„Nachhaltig“ Ostern feiern

Die Kinder haben zwar noch einen Ferientag – aber Ostern ist an sich vorbei. Aber das Fest könnte ja in den Alltag hinein nachwirken...

Morgengedanken 3.4.2018 zum Nachhören:

Ostern ist vorbei. Alltag ist wieder eingekehrt. Das Arbeitsleben hat uns im Griff. Es gilt, Verpflichtungen zu erfüllen, Geld zu verdienen, das Leben zu meistern. Die Feiertage sind vorbei. Hat mit dem Hereinbrechen des Alltags Ostern seine Bedeutung verloren? Oder kann Ostern auch „nachhaltig“ sein, etwas im Leben verändern?
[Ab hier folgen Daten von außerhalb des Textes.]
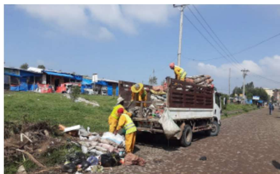
Figure 5. Waste is collected from open markets by members of the MSEs.

These service charges have been considered to discourage illegal dumping in the city. Hence, the city's plan to implement charging fees for solid waste collection services has been achieved and become successful. In this regard, sanitation service fees of 30 Birr per cubic meter for MSEs and 70 birrs per cubic meter for private companies (240 Birr for MSE and 560 for private companies) were paid as the rate per an 8 m 3 container of solid waste collected. But it has been investigated that the existing means of payment have not been made applicable for all waste generators across the city. This is because commercial centers in the city such as Merkato, Piassa and other open marketplaces (e.g., Figure 5) do not all use water supply services, yet they are huge generators of solid wastes in the city. Therefore, the practice has been changed so that the solid waste management issues have now been connected to the coordinated efforts of the city.

Ich möchte in den kommenden Tagen versuchen, einige Ostererfahrungen zu beschreiben und darüber nachdenken, wie Ostern im Alltag wirksam wird.

Jakob Bürgler
ist römisch-katholischer Priester und Bischofsvikar der Diözese Innsbruck

Hoffnung auf Ostern

Erst vor kurzem habe ich zwei Wochen in Nairobi in Kenia verbracht. Gelebt habe ich in einem Slum. Umgeben von teils schrecklichen Bedingungen. Die Bilder der Blechhütten und notdürftigen Behausungen, die bittere Armut und die blanke Not werde ich nie mehr vergessen. An einem der Sonntage bin ich zu Fuß durch den Slum gegangen. Mein Ziel war der Gottesdienst, den ich gefeiert habe. Und da habe ich gestaunt: Aus unzähligen Behausungen waren frohe Gesänge zu hören, Loblieder auf Jesus Christus, ein lautstarkes Zeugnis des Glaubens. Erstaunlich, in diesem Elend.

Ich habe zu denken begonnen: Was haben wir in unserer so gesättigten Gesellschaft verloren? Bei uns scheint ja der öffentliche Lobpreis Gottes zu verstummen. Brauchen wir die Hoffnung auf Ostern nicht mehr?